--- Records provided Enclosed Below ---

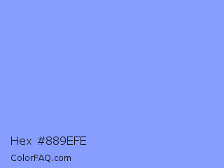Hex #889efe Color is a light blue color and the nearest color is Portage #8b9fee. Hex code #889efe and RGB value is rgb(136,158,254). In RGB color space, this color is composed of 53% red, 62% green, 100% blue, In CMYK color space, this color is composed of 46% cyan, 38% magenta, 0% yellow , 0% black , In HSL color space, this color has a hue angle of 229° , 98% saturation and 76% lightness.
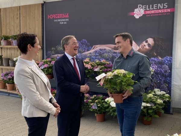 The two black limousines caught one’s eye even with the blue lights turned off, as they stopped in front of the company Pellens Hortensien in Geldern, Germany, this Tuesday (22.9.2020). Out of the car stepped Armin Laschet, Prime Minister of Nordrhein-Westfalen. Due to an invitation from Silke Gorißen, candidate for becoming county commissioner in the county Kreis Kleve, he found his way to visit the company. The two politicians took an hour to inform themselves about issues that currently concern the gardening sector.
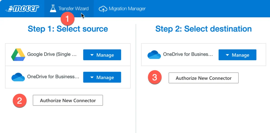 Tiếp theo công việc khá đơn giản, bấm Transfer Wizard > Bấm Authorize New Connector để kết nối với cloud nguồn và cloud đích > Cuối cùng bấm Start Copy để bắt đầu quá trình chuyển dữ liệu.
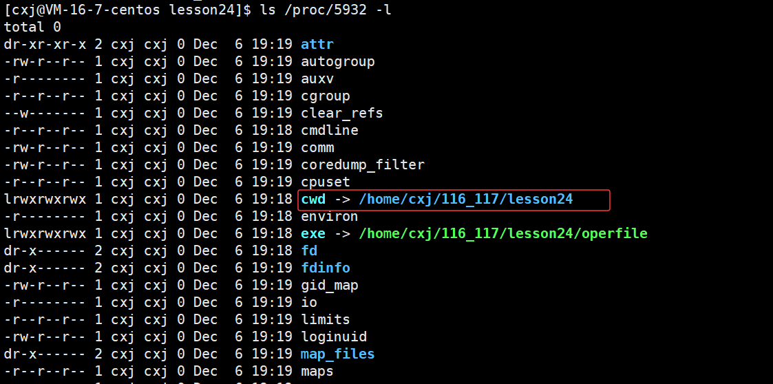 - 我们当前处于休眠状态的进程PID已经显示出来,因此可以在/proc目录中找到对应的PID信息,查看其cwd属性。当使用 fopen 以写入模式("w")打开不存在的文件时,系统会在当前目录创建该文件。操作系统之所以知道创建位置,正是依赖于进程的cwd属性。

--- End of Enclosed Records provided ---
--- Records provided Enclosed Below ---

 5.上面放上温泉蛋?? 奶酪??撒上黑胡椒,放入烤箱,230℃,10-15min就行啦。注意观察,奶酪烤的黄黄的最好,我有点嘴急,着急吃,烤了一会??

--- End of Enclosed Records provided ---
--- Records provided Enclosed Below ---

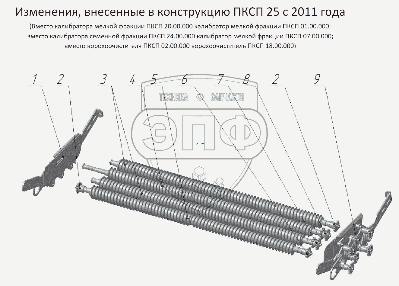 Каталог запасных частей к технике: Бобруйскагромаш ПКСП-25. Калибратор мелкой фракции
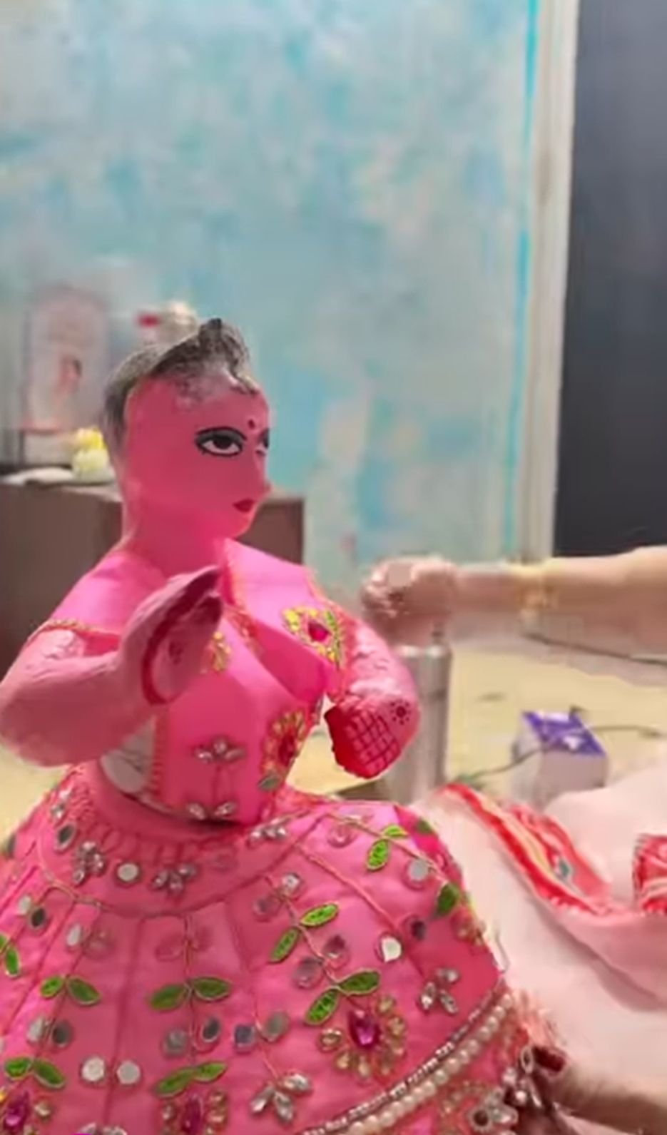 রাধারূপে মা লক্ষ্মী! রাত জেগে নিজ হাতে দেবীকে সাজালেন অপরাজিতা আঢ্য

--- End of Enclosed Records provided ---

Aim of the exercise> Please print the lines above word for word, starting at the one with "Hex #889efe Color" and ending at the one with "The two black", both included, and without any picture.

Result for this task>
Hex #889efe Color is a light blue color and the nearest color is Portage #8b9fee. Hex code #889efe and RGB value is rgb(136,158,254). In RGB color space, this color is composed of 53% red, 62% green, 100% blue, In CMYK color space, this color is composed of 46% cyan, 38% magenta, 0% yellow , 0% black , In HSL color space, this color has a hue angle of 229° , 98% saturation and 76% lightness.
 The two black limousines caught one’s eye even with the blue lights turned off, as they stopped in front of the company Pellens Hortensien in Geldern, Germany, this Tuesday (22.9.2020). Out of the car stepped Armin Laschet, Prime Minister of Nordrhein-Westfalen. Due to an invitation from Silke Gorißen, candidate for becoming county commissioner in the county Kreis Kleve, he found his way to visit the company. The two politicians took an hour to inform themselves about issues that currently concern the gardening sector.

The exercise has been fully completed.